The story supposedly featured an interview with the colourful, “tough-talking” Rep. Issa, who once infamously told Rush Limbaugh that Obama “has been one of the most corrupt presidents in modern times.” (Issa later said he didn’t mean Obama was personally corrupt.)
In Kurtz’s original article [cached version] he attributes several statements to Issa, such as “The bureaucracy is innately susceptible to waste, fraud and abuse.”
Except that he wasn’t actually interviewing Issa — he was interviewing Issa’s spokesperson, Kurt Bardella.
In today’s statement, Kurtz said his “unambiguous understanding” was that he was speaking with Rep. Issa:
I subsequently learned that I was speaking to his chief spokesman, Kurt Bardella. None of the views ascribed to Issa are inaccurate, but the attribution throughout the story should have been to his spokesman, not to the congressman.

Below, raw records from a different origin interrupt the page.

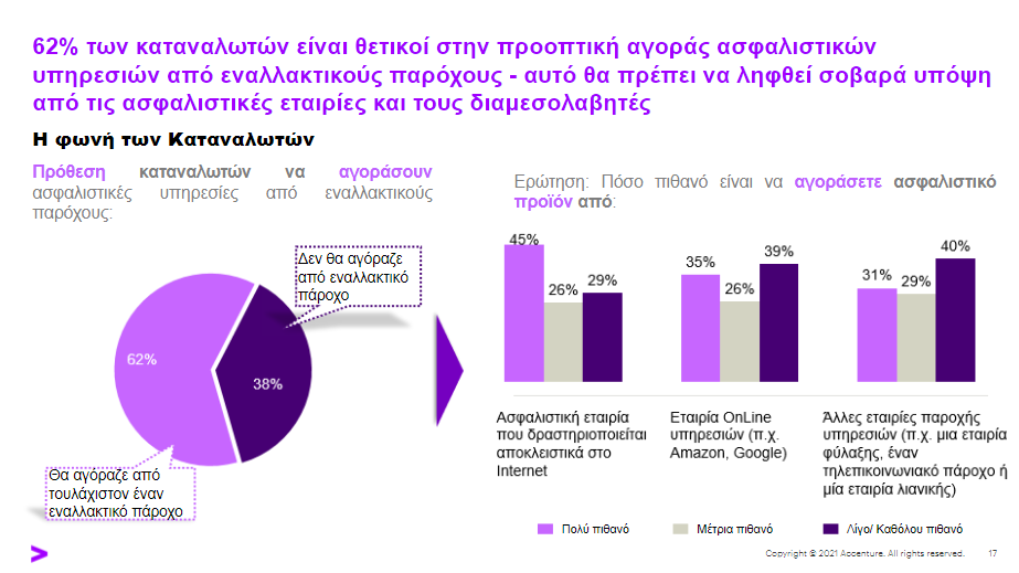 Έξι στους 10 Έλληνες θα αγόραζαν ασφαλιστικά προγράμματα από την Google, την Amazon, εταιρείες τηλεπικοινωνίας, λιανεμπορίου ή άλλο εναλλακτικό πάροχο, εκτός της ασφαλιστικής αγοράς.
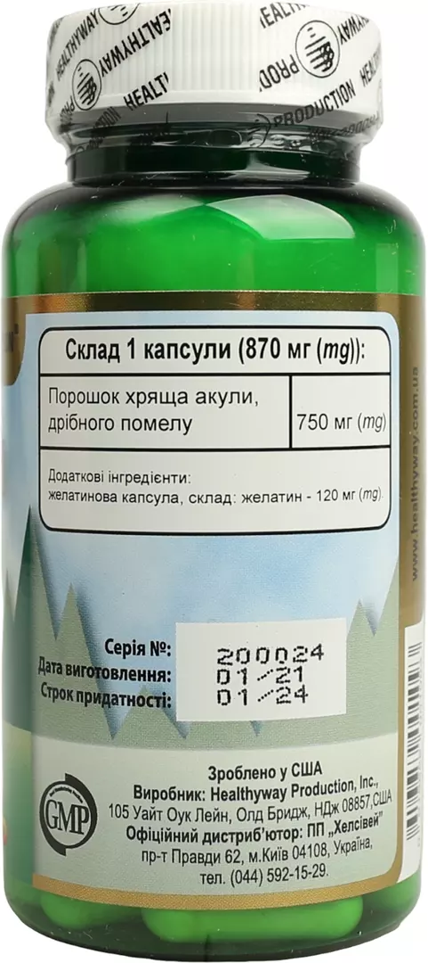 Склад 1 капсули — 870 мг (мг): порошок хряща акули, дрібного помолу — 750 мг.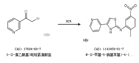1.通过3-(2-溴乙酰基)吡啶氢溴酸盐合成N-(2-甲基-5-硝基苯基)-4-(3-吡啶基)-2-噻唑胺氢溴酸盐,收率约92%;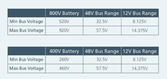 表 1:采用 Vicor BCM/NBM 母線轉換器技術的 48V 母線和 12V 母線上的最小電壓和最大電壓。48V 和 12V 電壓范圍均符合 VDA 320 和 LV 124 標準。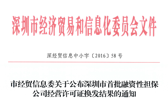 2016年4月5日,深圳市经济贸易和信息化委员会公布深圳市首批融资性担保公司经营许可证换发结果【深经贸信息中小字[2016]58号】: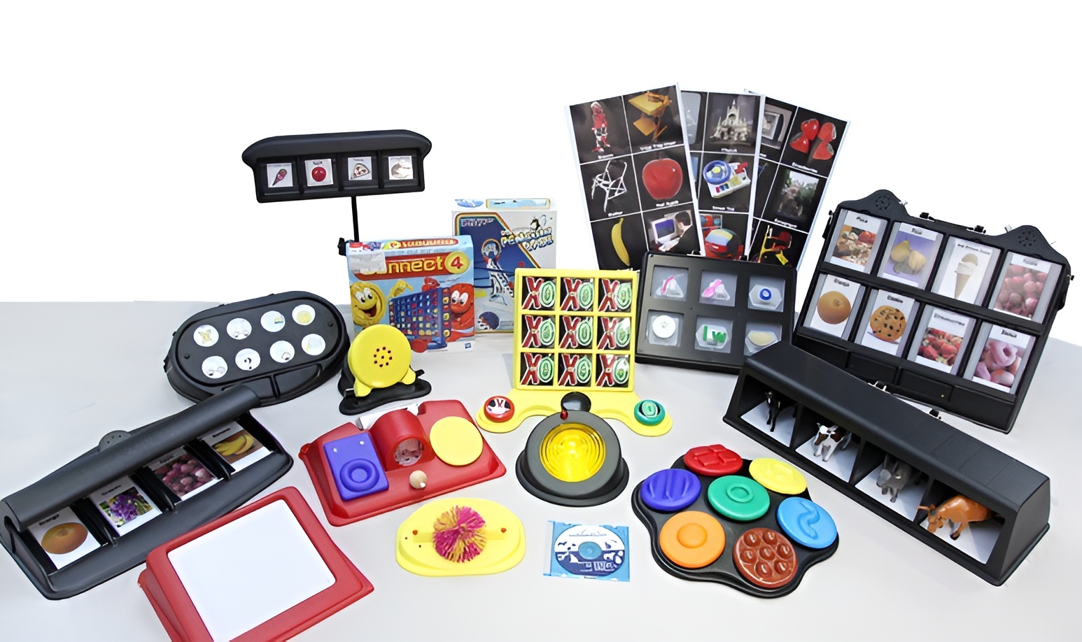 Набор состоит из адаптированных игр и специализированных коммуникаторов, разработанных для обучения и развития детей с нарушениями зрения. Набор полностью русифицирован.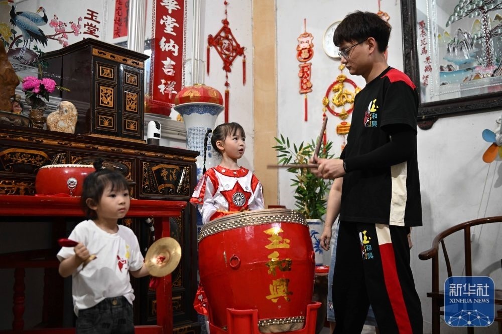 5月29日,在汕頭市貴嶼鎮(zhèn)玉窖村的家中,父親莊镕強(右)指導莊恩琪(中)和妹妹莊雅琪練習“敲鑼打鼓”。

The funniest part of the story is that Kurtz actually says in the original story that Issa “has a tendency to refer to himself in the third person.”
The earlier version also mentioned Darrell Issa’s “tendency to refer to himself in the third person.” In fact, that usage was appropriate because the interview was with his spokesman.
Now for the strangest part: Kurtz actually heard about his mistake two days later — on November 29th.
On Nov. 29, after my story ran on The Daily Beast, I got a note from Bardella saying there had been “a little confusion” and “it wasn’t the congressman you spoke with, it was me speaking in his capacity as his spokesman.”
It’s a pretty huge, embarrassing blunder to wait so long to correct.
Kurtz further explained the delay to Politico:
I screwed up. I was so puzzled by the note that Bardella sent… that I wasn’t sure how serious he was. He didn’t ask for a correction, which he certainly is entitled to if I wasn’t in fact talking to Darrell Issa. Then I got busy with other things and I let it slip, and that was a mistake on my part.